- _Data records_:

━━━━━━━━━━━━━━━━

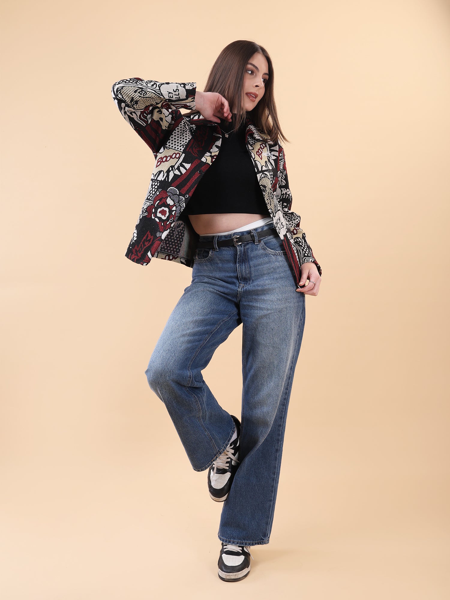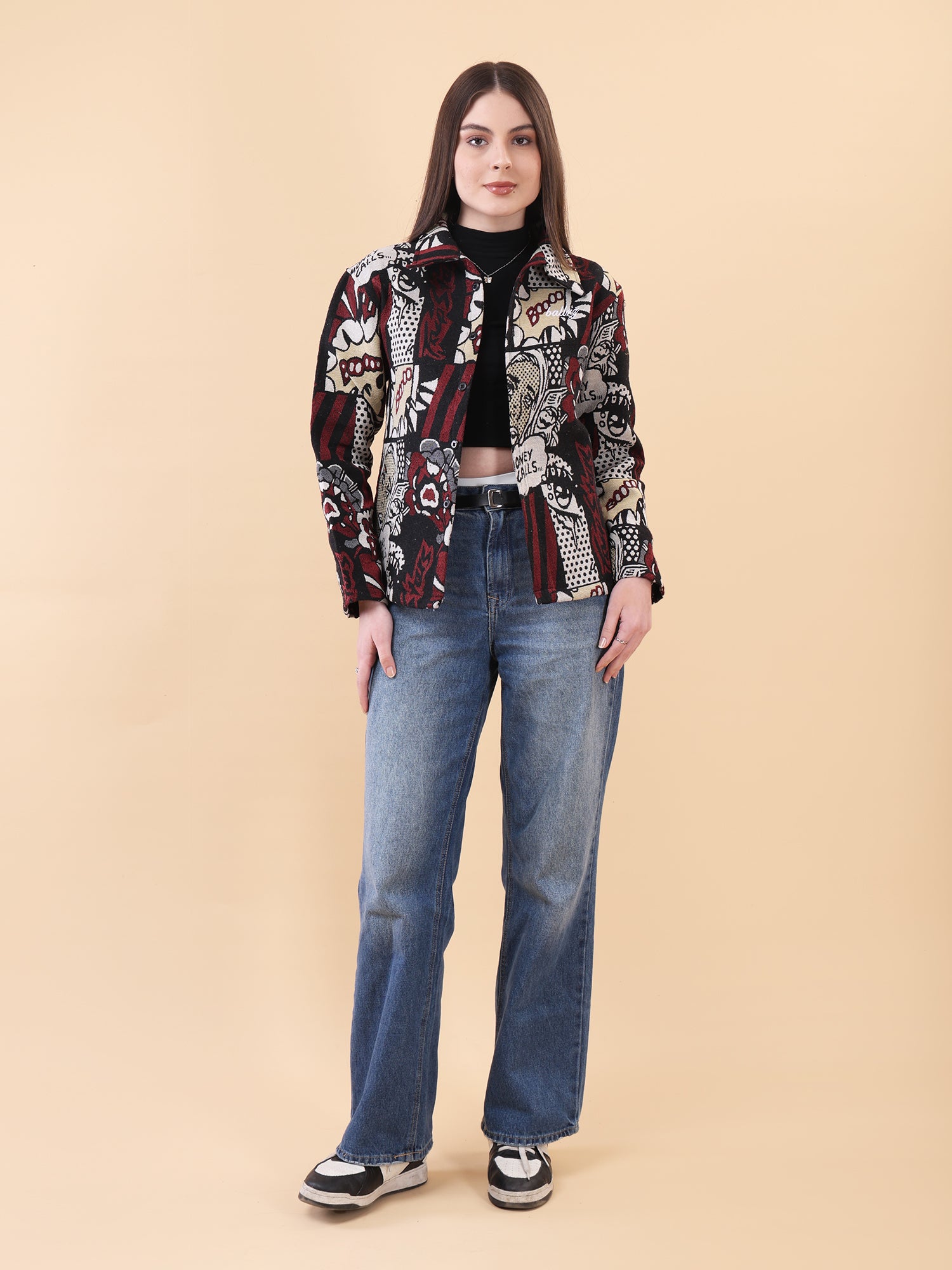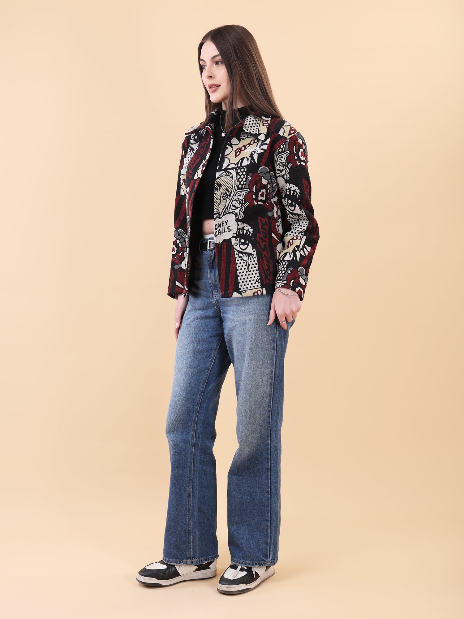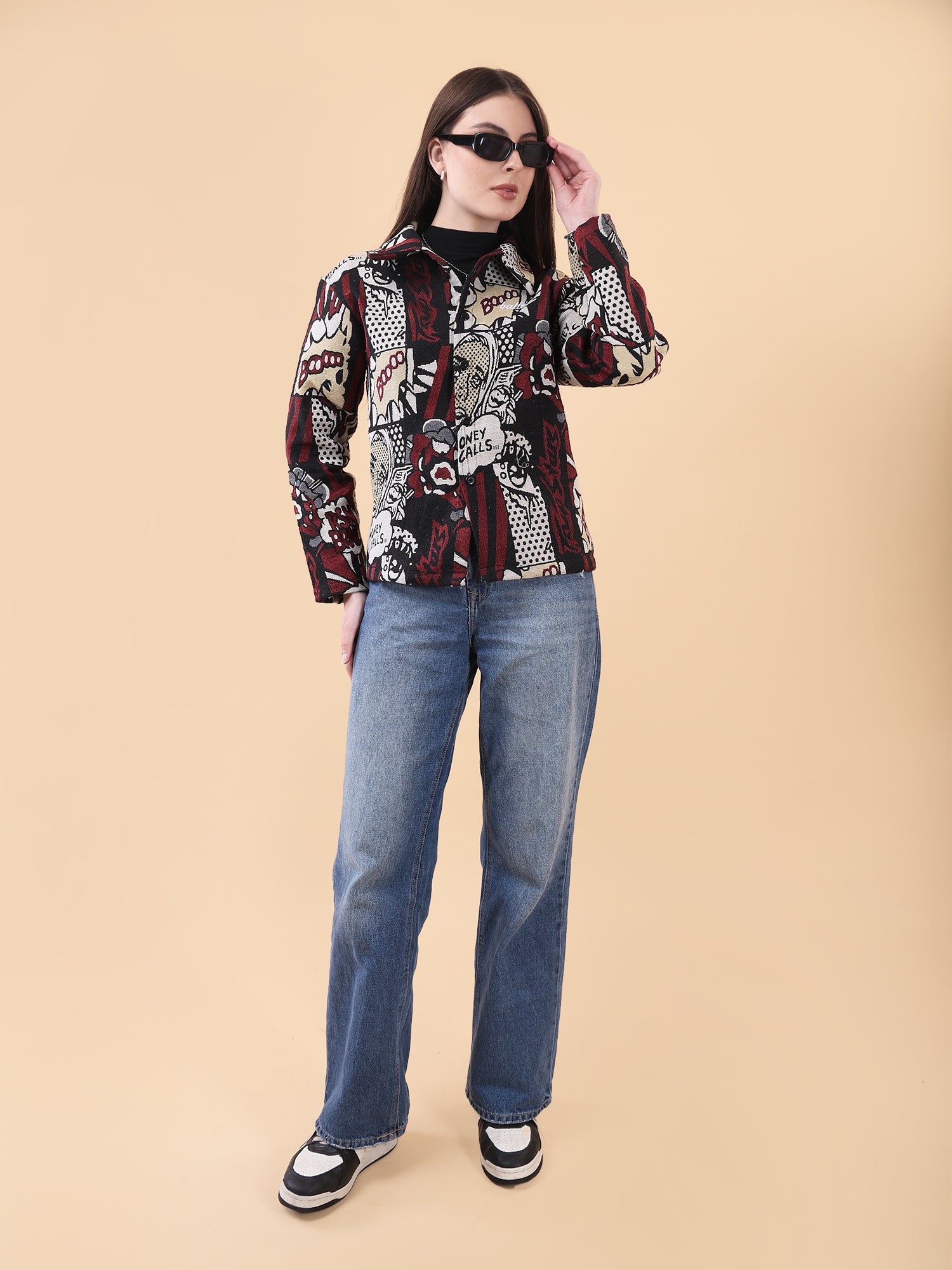 Designed in a relaxed fit, it’s perfect for layering or wearing solo. The striking red, black, and neutral tones elevate everyday denim, making it a go-to piece for day-to-night street looks. Whether you’re stepping out or standing out, this shaket speaks loud—because when money calls, style answers.
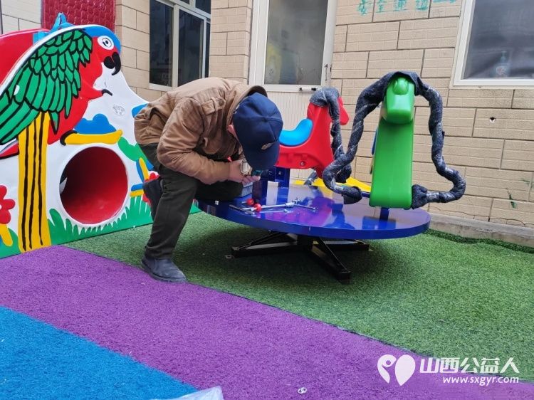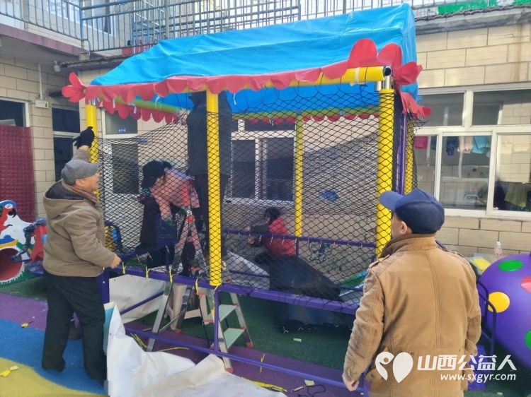 长治市义工协会志愿者免费为启明星智障儿童托养中心安装蹦蹦床旋转木马活动总结
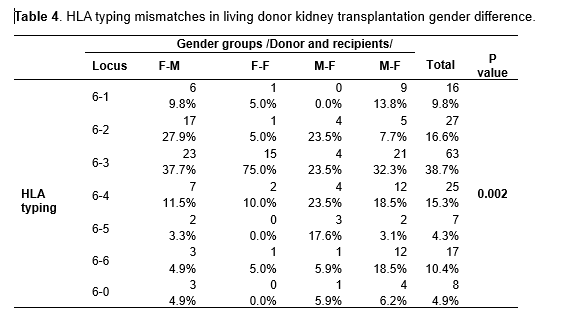 Regarding HLA typing miss much by 6 locus, 38.7% (63) of total recipients had 3 locules miss much. In all gender groups, majority percent of HLA typing was 6-3 locus, but, in F-F group, 6-3 locus HLA matching was higher than other groups (P=0.002).
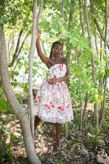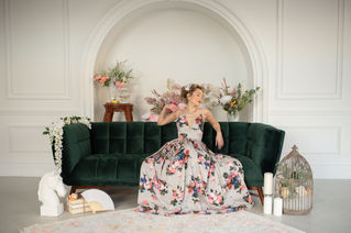 Tea length wedding dress with faux feather skirt and balconette bodice. Handcut and appliquéd florals adorning the corset bodice.
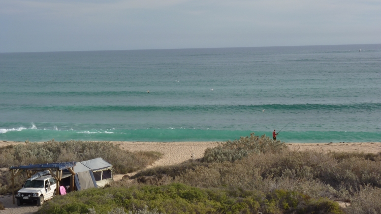 Am Abfahrtstag hatten wir Eis morgens auf dem Tisch, und die Batterie sagte, „zu kalt, keinen Bock“. Dank unseres Jumpstarters aber kein Problem, an die Batterie ran und schon lief der Wagen wieder. Hier auf dem Campground hat der Chef ein Batterieladegerät organisiert und die Batterie hängt seit gestern am Netz und Frischwasser. Die läuft dann wieder wie ne Eins. Und der Jumper ist ja auch wieder voll bis zum Anschlag. Schon ein irres Teil, alles in Einem, Kompressor, Starterbatterie und Lampe und 12 Volt Ladestation für Handy und Batterien. Müssen wir aber leider auch verkaufen, viel zu schwer. Hier bleiben wir sicher bis Montag, dann wird sich heute zeigen, ob wir evtl. noch bis zum Semifinal verlängern oder wieder auf bushtour die beach entlang südwärts Richtung Perth gehen. Endlich mal wieder angeln, denn in Ellendale Pool war keine Zeit. So etwas gibts bei uns auch. Und abends zu kalt, also geniesst die Sommertage zuhause, denn bald ist es auch schon wieder um dann. Dann, wenn wir zurückkommen, und das ist nicht mehr so weit weg, zeitlich jedenfalls.
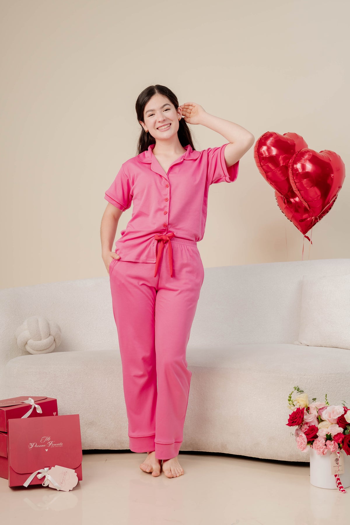 Descubre la suavidad incomparable del 100% algodón pima peruano en una pijama diseñada especialmente para ella.
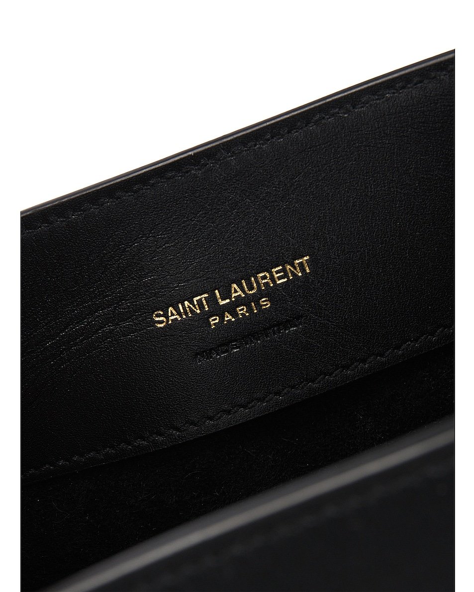 - Foldover leather strap with gold-tone Cassandre hook closure

━━━━━━━━━━━━━━━━

- _DIRECTIONS FOR THIS TASK_:
The lines from the start of the data through the line that contains "Tea length wedding" are to be returned exactly, please, with both ends included and every picture left out.

- _RESULT FOR THIS TASK_:
 Designed in a relaxed fit, it’s perfect for layering or wearing solo. The striking red, black, and neutral tones elevate everyday denim, making it a go-to piece for day-to-night street looks. Whether you’re stepping out or standing out, this shaket speaks loud—because when money calls, style answers.
 长治市义工协会志愿者免费为启明星智障儿童托养中心安装蹦蹦床旋转木马活动总结
 Regarding HLA typing miss much by 6 locus, 38.7% (63) of total recipients had 3 locules miss much. In all gender groups, majority percent of HLA typing was 6-3 locus, but, in F-F group, 6-3 locus HLA matching was higher than other groups (P=0.002).
 Tea length wedding dress with faux feather skirt and balconette bodice. Handcut and appliquéd florals adorning the corset bodice.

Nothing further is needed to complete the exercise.